In a neural network, individual neuron outputs matter less than the collective behaviour of the weights in each layer. The network adjusts its internal weights so that prediction accuracy increases over successive epochs. Using appropriate features and high-quality labels is fundamental for reducing bias and improving learning.

Generalisation, Overfitting, and Underfitting

The ultimate goal of training is not only to perform well on the training set but also to make accurate predictions on unseen data. This ability is called generalisation. A model generalises well when it captures the underlying structure of the data rather than memorising the training examples. In such a case, both training and testing performance remain high, and the gap between them is small.

Overfitting occurs when the model learns the training data too well, including noise and specific details, and performs poorly on unseen data. It is characterised by high training accuracy and low testing accuracy.

Underfitting occurs when the model is too simple to learn the underlying pattern in the data. In this case, both training and testing accuracy remain low.

Challenges in Training Deep Networks

Training deep neural networks presents several challenges. One of the most important is the vanishing gradient problem. During backpropagation, gradients are propagated backward through multiple layers using the chain rule. When activation functions such as sigmoid or tanh are used, their derivatives may become very small, causing gradients to shrink as they move backward. As a result, earlier layers receive very small updates and learning becomes slow.
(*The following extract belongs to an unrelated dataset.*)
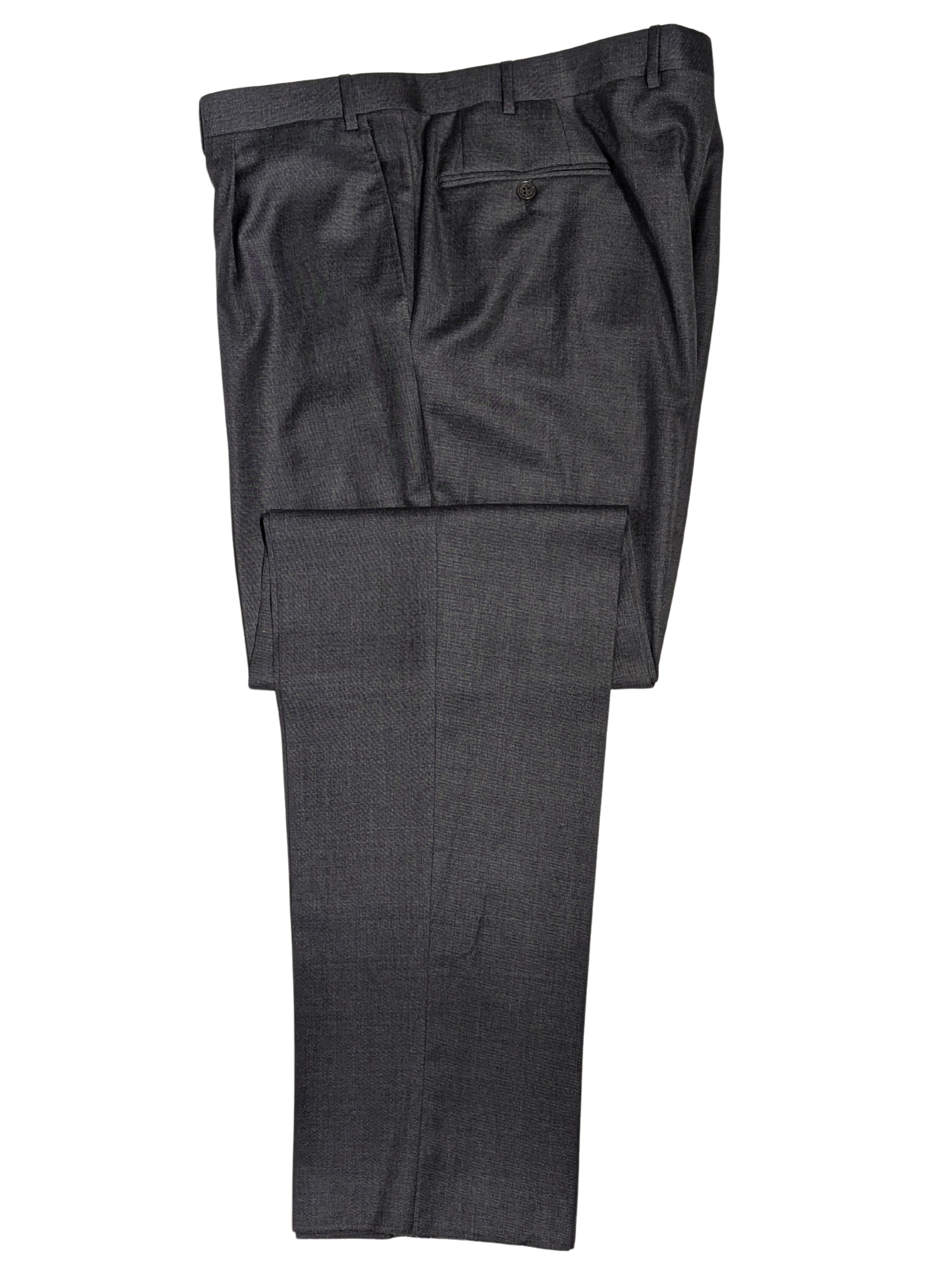 This Canali solid gray wool suit offers timeless elegance with Italian precision. Crafted from premium wool in a versatile gray tone, it delivers a clean, classic silhouette suitable for both business and formal settings. The jacket is fully canvassed for long-lasting structure and impeccable drape, featuring full lining, dual side vents, and a two-button front with notch lapels. Traditional pleated trousers complement the jacket. A wardrobe essential from Canali, known for understated luxury and expert craftsmanship.

The exploding gradient problem is the opposite case, where gradients become excessively large during backpropagation. This can lead to unstable updates and divergence during training. Techniques such as careful initialisation, suitable learning rates, and gradient clipping are commonly used to reduce this problem.

Another challenge is hyperparameter sensitivity. The performance of an MLP depends strongly on the learning rate, number of layers, number of neurons, activation functions, batch size, and number of epochs. Poor hyperparameter choices can lead to unstable training, overfitting, or underfitting.

Merits of Feedforward Neural Network (MLP):

Scalability: The number of hidden layers and neurons can be adjusted to match problem complexity.
Performance on tabular data: For many structured datasets, MLPs can outperform more complex models due to their simplicity and ability to learn direct features.
Universal function approximation: MLPs can approximate virtually any continuous function, enabling them to model complex, non-linear relationships.

Demerits of Feedforward Neural Network (MLP):

Sensitivity to hyperparameters: Performance depends heavily on choices such as number of layers, units, learning rate, and activation functions.
Overfitting: MLPs can memorise training data and generalise poorly, especially with small datasets.
Gradient issues: Very deep networks may encounter vanishing or exploding gradients, making training difficult.
Data requirements: Large amounts of labelled data are often necessary to train effectively.